* **TASK GOAL**:
The lines in the listing below are to be given again exactly, starting at the line holding "RÉUNION DE 21" and ending at the line holding "Dětské tričko JDM". Do not include pictures.

START DATA SUPPLIED

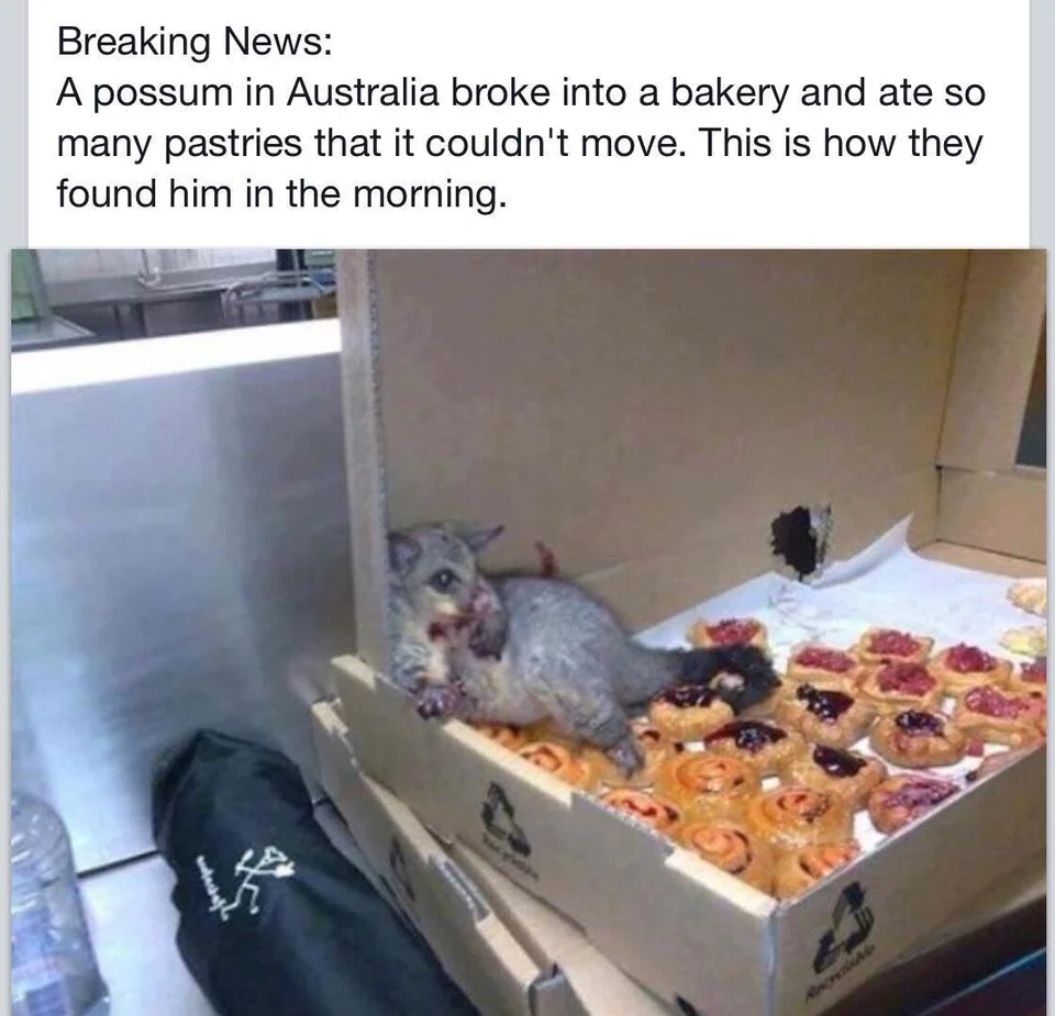 We’ve all been there: eaten so much we couldn’t move. This scenario typically unfolds during family holiday meals, where an abundance of delicious, homemade food graces the table. It’s a time when delectable dishes are shared and enjoyed in the warm and festive atmosphere of togetherness. This possum is no exception. It broke into a bakery and ate so many pastries that it couldn’t move.
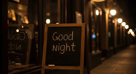 Nighttime streetscape goodnight wishes warm lights enchanting ambiance
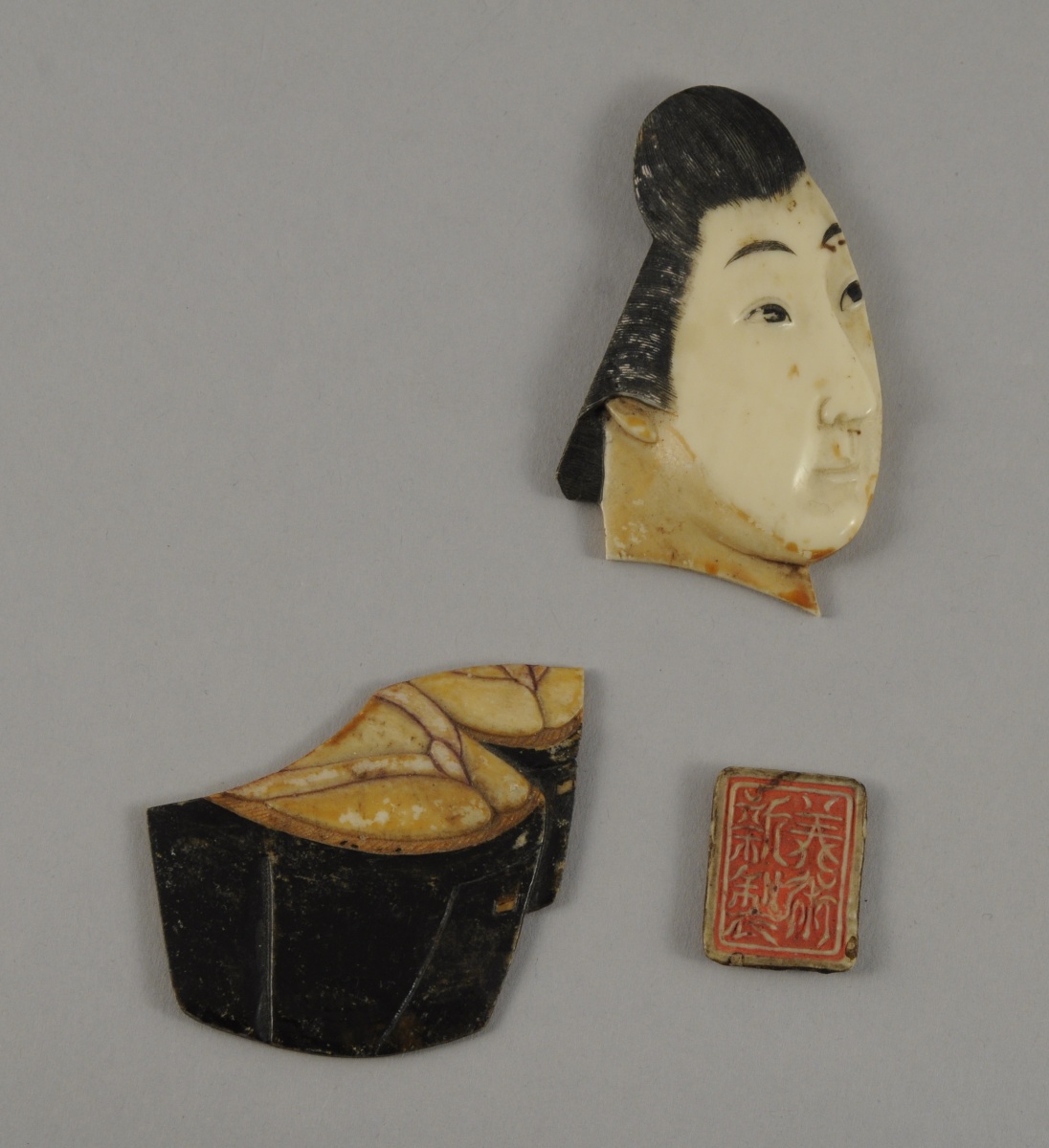RÉUNION DE 21 PLAQUES en os, ivoire ou nacre gravées et teintées figurant notamment quadrillages, plis de kimono, rivière, tête humaine et cartouche avec inscriptions. Japon? XIXème. Devaient former un bas-relief.
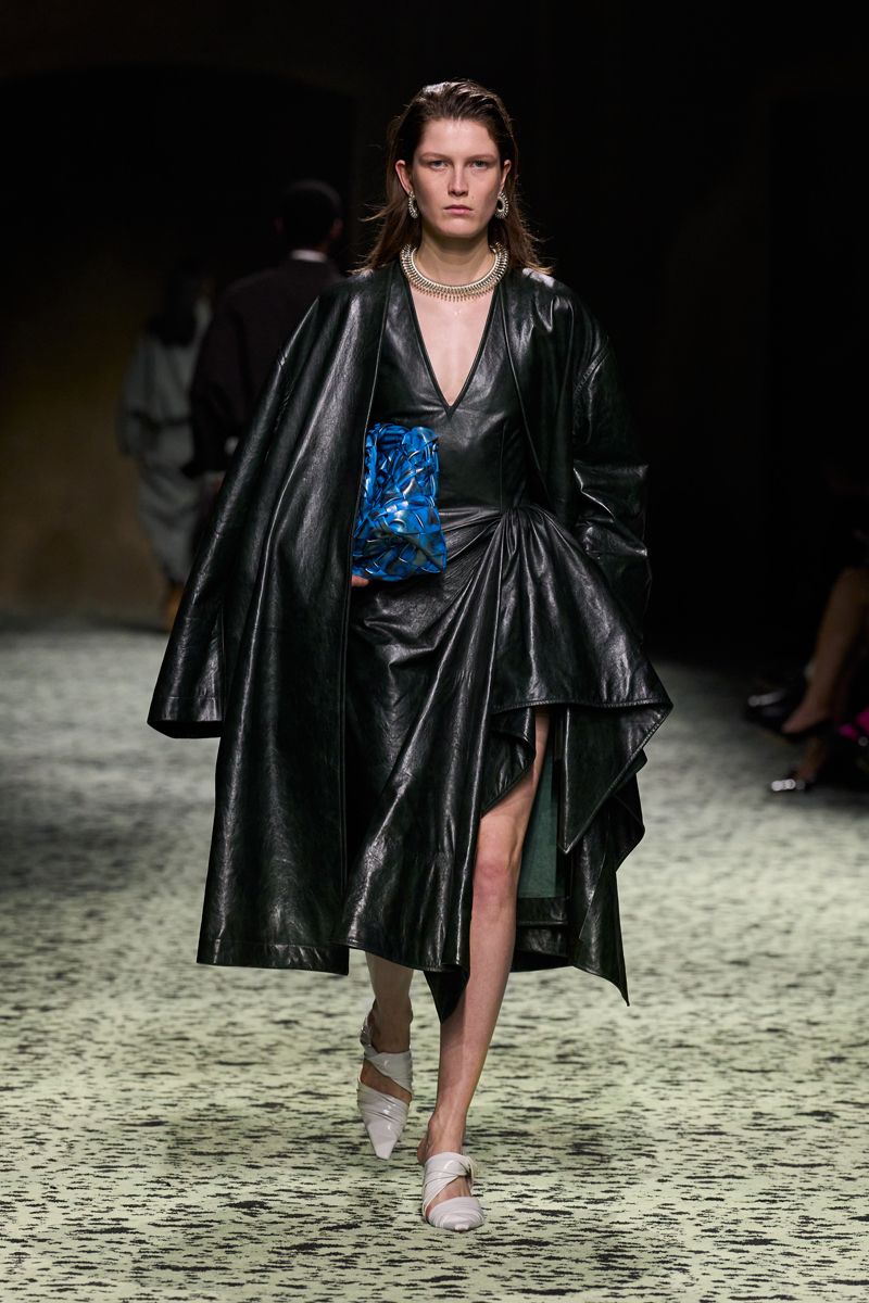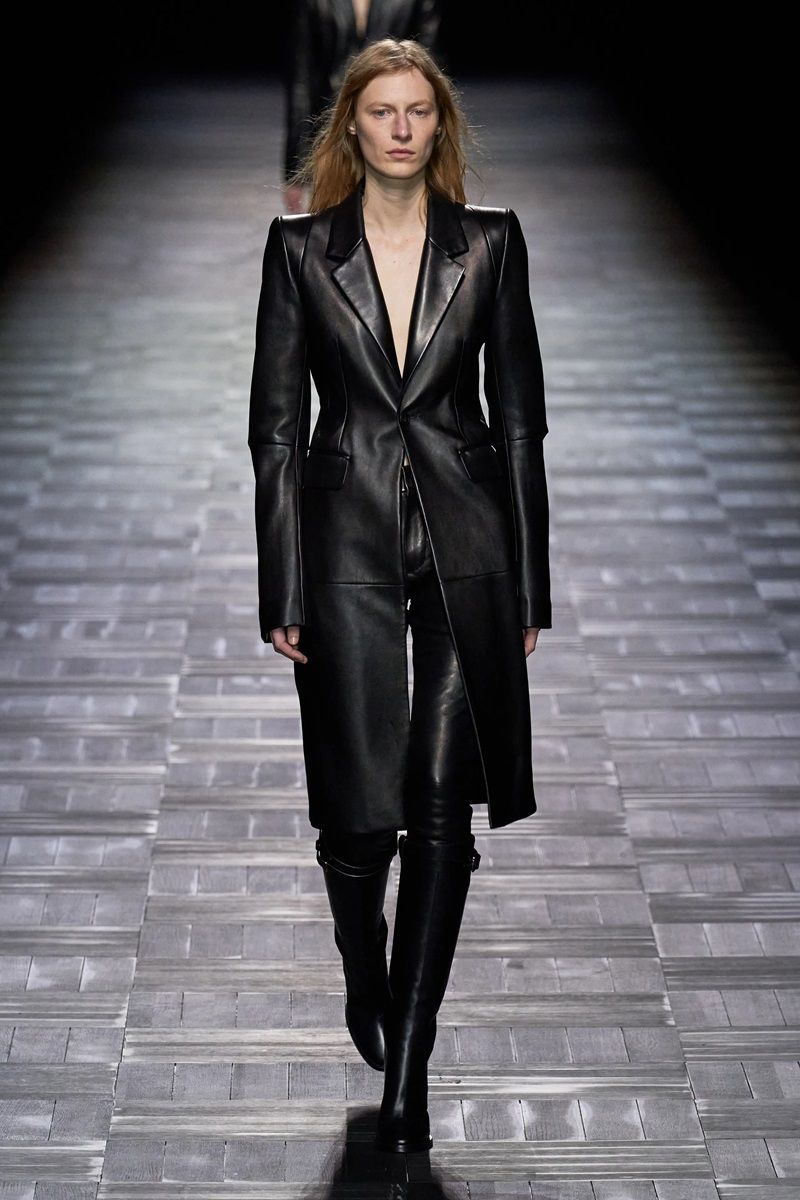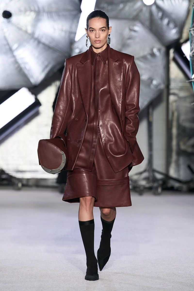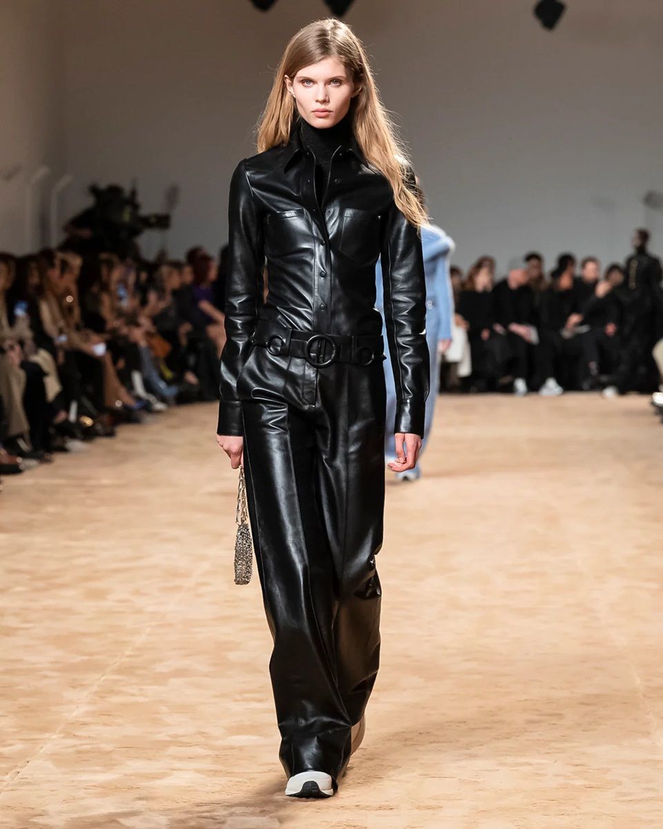 Brand e stilisti hanno più volte scelto la pelle per i loro look, flirtando a seconda del loro estro con erotismo e outfit da perfetta dominatrix o aggiungendola per dare un twist ribelle anche agli outfit più refined. La versione preferita, anche sulle passerelle FW23, rimane la nera, scelta da Bottega Veneta, Alexander McQueen, Coperni, Coach e Saint Laurent, ma spuntano anche outfit in pelle di altri colori. Ad esempio, Jil Sander ha optato per il burro, Brandon Maxwell per il marrone, Prada per il rosso fuoco, Tod’s per il grigio, Isabel Marant per il bordeaux, Miu Miu per il verde e l’arancione. Così, per questa stagione fredda via libera a pantaloni, gonne, trench, dress e stivali. Purché in pelle.
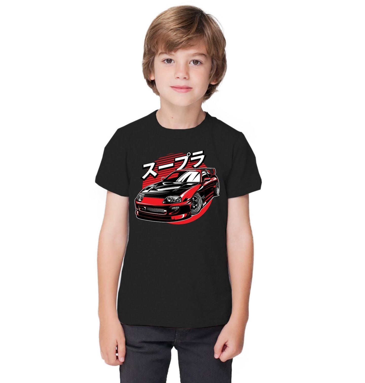 Dětské tričko JDM Supra. Výrazný motiv inspirovaný legendárním japonským modelem Toyota Supra MK4 přináší agresivní vzhled, široký bodykit a nezaměnitelný tuning styl. Toto auto se stalo symbolem JDM kultury, výkonu a pouličních závodů, které proslavilo Japonsko po celém světě.
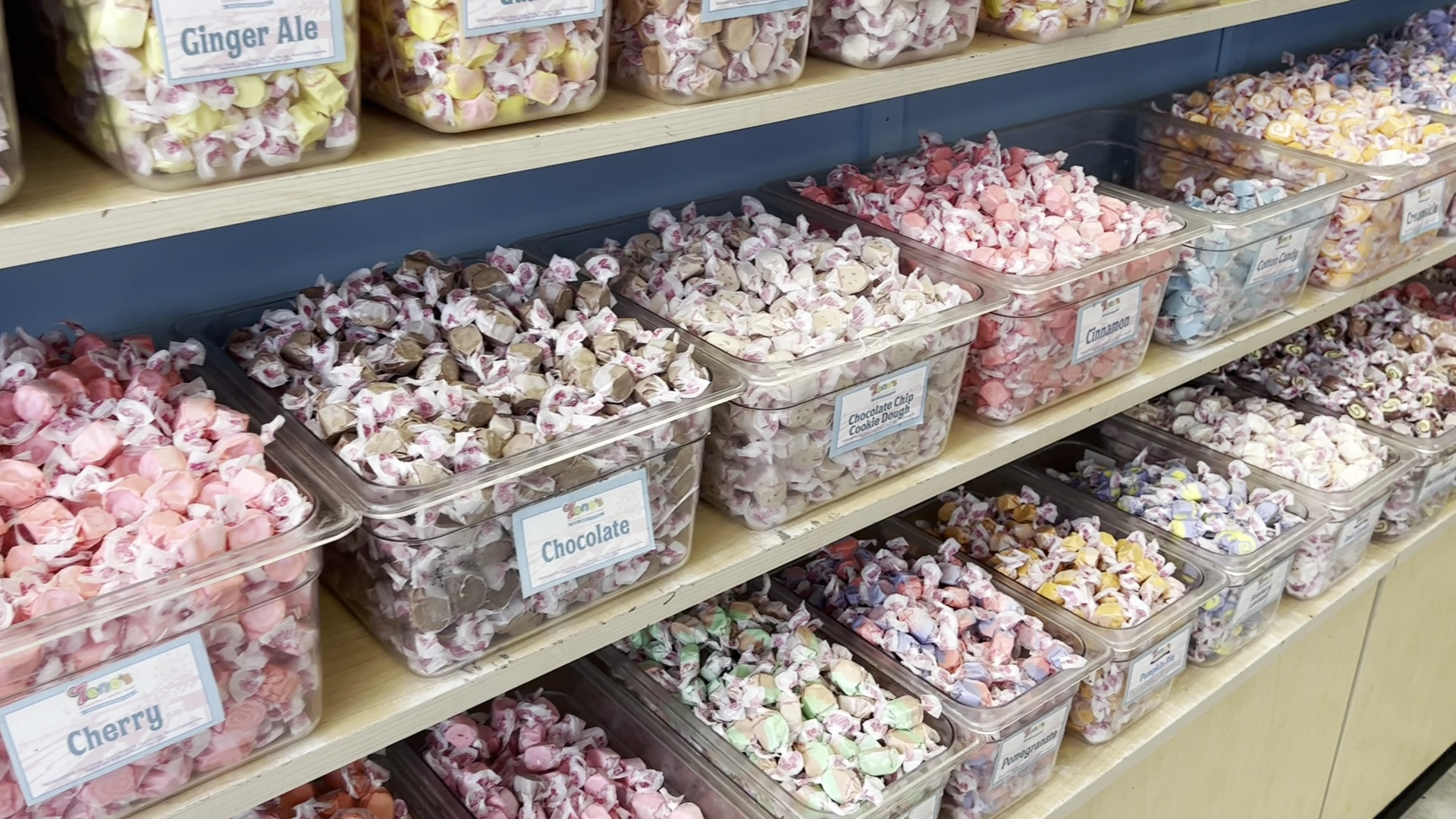 Read moreBest spot in Daytona to get fresh taffy, ice cream, chocolate covered apples n marshmallows, caramels, rock candy, gummies, and (our favorite) fudge in a variety of flavors. Something sweet for everyone! Bag-your-own loose gummies and wrapped taffy (you bag it-you buy it) by the pound or 1/2 pound. Always busy (usually at least 5 customers typically with kids in the store) so make sure you bring your extended patience 😉. The chocolate fudge and mint chocolate fudge are our recommended must-try.

END DATA SUPPLIED

* **ANSWER TO THIS TASK**:
RÉUNION DE 21 PLAQUES en os, ivoire ou nacre gravées et teintées figurant notamment quadrillages, plis de kimono, rivière, tête humaine et cartouche avec inscriptions. Japon? XIXème. Devaient former un bas-relief.
 Brand e stilisti hanno più volte scelto la pelle per i loro look, flirtando a seconda del loro estro con erotismo e outfit da perfetta dominatrix o aggiungendola per dare un twist ribelle anche agli outfit più refined. La versione preferita, anche sulle passerelle FW23, rimane la nera, scelta da Bottega Veneta, Alexander McQueen, Coperni, Coach e Saint Laurent, ma spuntano anche outfit in pelle di altri colori. Ad esempio, Jil Sander ha optato per il burro, Brandon Maxwell per il marrone, Prada per il rosso fuoco, Tod’s per il grigio, Isabel Marant per il bordeaux, Miu Miu per il verde e l’arancione. Così, per questa stagione fredda via libera a pantaloni, gonne, trench, dress e stivali. Purché in pelle.
 Dětské tričko JDM Supra. Výrazný motiv inspirovaný legendárním japonským modelem Toyota Supra MK4 přináší agresivní vzhled, široký bodykit a nezaměnitelný tuning styl. Toto auto se stalo symbolem JDM kultury, výkonu a pouličních závodů, které proslavilo Japonsko po celém světě.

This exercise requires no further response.